In the middle of the 19th century, my family sailed across the Irish Sea to Liverpool. Like so many people in the city, my family were forced here by the Great Hunger. They were immigrants. They worked on the docks. And they made their home here. Just like our city’s Black community, the oldest in the UK; just like our Chinese community, the first in all of Europe; and just like those who pray at the Abdullah Quilliam, England’s oldest mosque – just like all these, my family and thousands more Irish immigrants are true Scousers.
There have always been people who want to do down our city. So often, they’re also the people who want to turn us against ourselves. Classic divide and rule. In the ’80s, Margaret Thatcher’s Tories plotted the “managed decline” of Liverpool, while demonising our black community. Since 2010, David Cameron and Theresa May’s Conservatives have hacked away at our public services while blaming asylum seekers, or the unemployed, or whomever – anyone but themselves.
Now there’s a new crowd in town, trying to divide us. But whether it’s the Brexit Party or “Tommy Robinson” (real name: Stephen Yaxley-Lennon), these people have got nothing to offer working-class communities hit by nine years of grinding austerity.

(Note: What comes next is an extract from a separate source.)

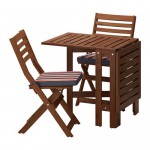 Стол (длина 70 см, ширина 70 см, высота 110 см); стул (ширина 40 см, глубина 49 см, высота 112 см; ширина сиденья 40 см, глубина сиденья 40 см, высота сиденья 80 см).

Yaxley-Lennon only became famous when the director of a city investment fund and a millionaire property developer recruited him as a bod for their anti-Muslim campaign. Nigel Farage is a private school boy city trader who worships Thatcher and wants the NHS privatised.

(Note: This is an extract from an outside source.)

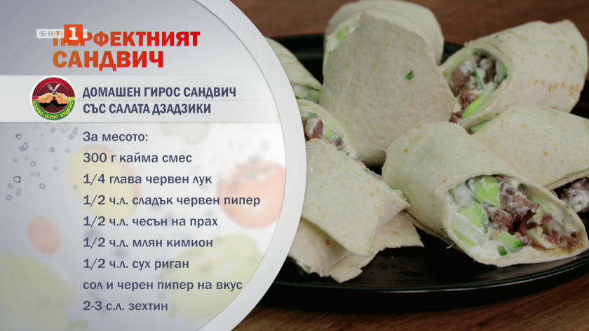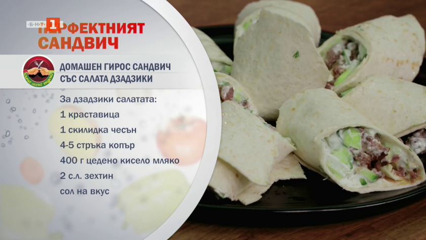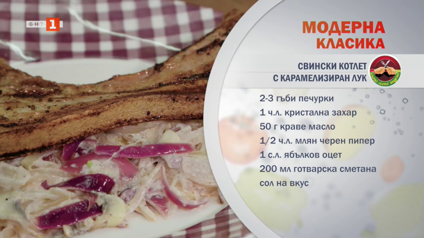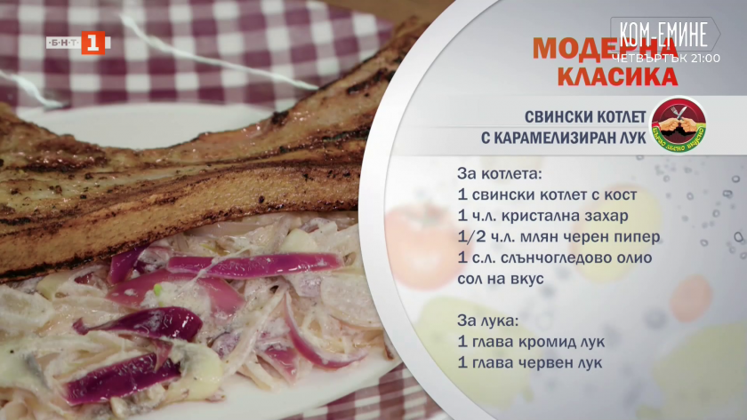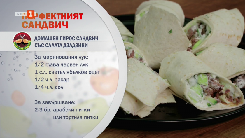 Свински котлет с карамелизиран лук и домашен гирос сандвич със салата дзадзики

These establishment stooges blame “outsiders” for our problems. But our country’s problems were caused by disastrous political decisions that allowed the decline of jobs and industry in our city, slashed Liverpool’s funding by 64% in the last decade, cut funding for our schools, failed to build council houses, and punished the sick and disabled.
Nobel Laureate economist Sir Angus Deaton has warned that rising inequality in Britain is driving “deaths and despair” and undermining democracy. How can it be right that the Tories have handed out £100bn in corporate tax giveaways while at the same time cutting vital services for the rest of us? How can it be right that the wealth of the richest 1,000 people in Britain has increased by £50 billion in the last year, while 40% of children in north Liverpool are growing up in poverty?
You won’t hear far-right candidates talking about these issues. They don’t want to change a rigged economic system that benefits them – they only want to shift the blame for its consequences.
Today, far-right candidates are seeking to exploit the frustration many people genuinely feel after nine years of austerity and the Tory Brexit shambles. They want to scapegoat minorities – on race, religion, sexuality, or anything else – for problems created by the rich and powerful, letting those responsible off the hook.
Real political leadership is about inspiring hope in people, not sowing hatred and division in communities. Since becoming the leader of the Labour Party, Jeremy Corbyn has resisted an onslaught of establishment attacks and vilification to deliver the most radical and transformative socialist vision for our country since 1945.
Labour’s bold, clear policies will redistribute power and wealth on an unprecedented scale and create a more equal country for us all. We will take back energy, water, the Royal Mail and the railways into public ownership, to put an end to decades of rip-off privatisations.
We will set up regional development banks ensuring that nobody and no community is left behind, properly fund our NHS and public services, build a million genuinely affordable homes over 10 years. That’s what a happier, healthier country looks like. A country where we support each other, where we respect each other.
Solidarity is more than just a slogan. Now, more than ever, our communities must stand together against the voices of hate. There are candidates standing in the European elections who want to create anger and division. We must not let them. We cannot trust them. They are the ones who don’t belong here.